- Battle of Mayoyao Ridge: Part of the 1944–1945 Philippine campaign and the Pacific Theater of World War II
| Date | July 26, 1945, to August 9, 1945 |
| Location | Mayoyao, Mt. Province |
| Result | Allied victory |

Belligerents
- Commonwealth of the Philippines Supported by: United States: Japan
- Commanders and leaders: Donald Blackburn

Units involved
- United States Army Forces in the Philippines – Northern Luzon: Imperial Japanese Army

= Battle of Mayoyao Ridge =

Battle in world war II

The Battle of Mayoyao Ridge was part of the Philippines campaign of 1944–1945 during World War II.

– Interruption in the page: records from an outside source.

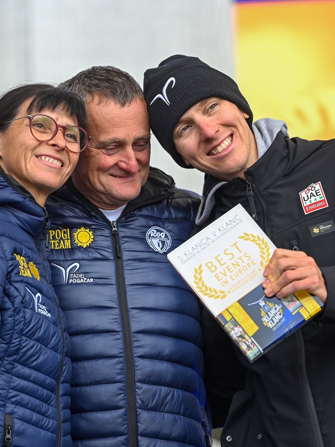 Chaudement vêtu des couleurs de sa veste UAE Team Emirates, Pogačar était radieux, tenant fièrement son prix à la main, partageant un moment d’émotion avec ses parents. Les sourires, les accolades et la joie pure capturés sur le moment en disaient long : ce n’était pas seulement un triomphe professionnel, mais un triomphe profondément personnel. Aux côtés de ses parents, tout aussi fiers, Pogačar incarnait l’humilité et la gratitude, témoignant de l’importance du soutien familial et local dans son parcours, d’un petit village slovène au sommet du cyclisme mondial.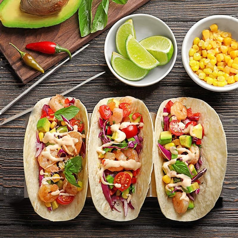 - 【Perfekt für Taco Halter】Mit Maßen von 25x12x4 cm bietet das Tablett des Halters genau die richtige Größe, um 4 Tacos, Hotdogs oder ähnliche Artikel bequem zu platzieren. Die Taco Schalen helfen nicht nur bei der einfachen Zubereitung, dem Servieren und dem Verzehr der Tacos, sie sind auch hitzefest. Benutzen Sie sie, um ihre Tacos im Ofen oder Grill zu backen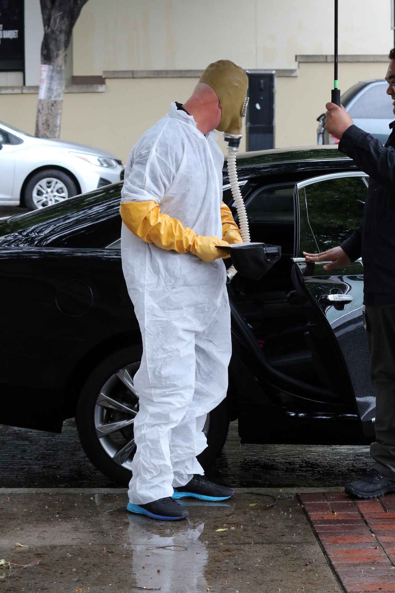 さらにその手から腕には、長いゴム製の手袋も。手袋がオレンジで、スニーカーのソールがライトブルー、しかもガスマスクについているチューブの先には何もなく、だらんと垂れ下がっているだけのため、なんだか新しいおしゃれにすら見えてきてしまうホーウィーの恰好は、本人的にもジョークの意味だったよう。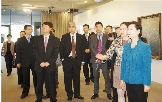 中宣部副部长崔玉英(右一)等领导在陶勤副秘书长(右二)陪同下参观在芬兰的展览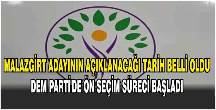 ALPARSLAN DİYARI-Halkların Eşitlik ve Demokrasi Partisi (DEM Parti), 31 Mart 2024'te düzenlenecek olan yerel seçimler için aday belirleme sürecine devam ediyor. DEM Parti, aday göstereceği isimlerin belirlenmesi için 13-14 Ocak tarihlerinde ön seçim yapacak.

From July 26, to August 9, 1945, Filipino soldiers of the 11th Infantry Regiment, United States Army Forces in the Philippines – Northern Luzon, under the command of Donald Blackburn, supported by airstrikes by Army Air Forces, captured the Japanese stronghold of Mayoyao, Ifugao in Northern Luzon.

== Historical marker ==

The memorial or historical marker, located at Mount Nagchajan in Mayoyao, Ifugao, marks the site of the “Battle of Mayoyao Ridge”. The battle was fought between the Japanese Imperial forces and the combined Filipino and American soldiers, towards the end of World War II. The result was key to the eventual surrender of General Yamashita at Kiangan, Ifugao.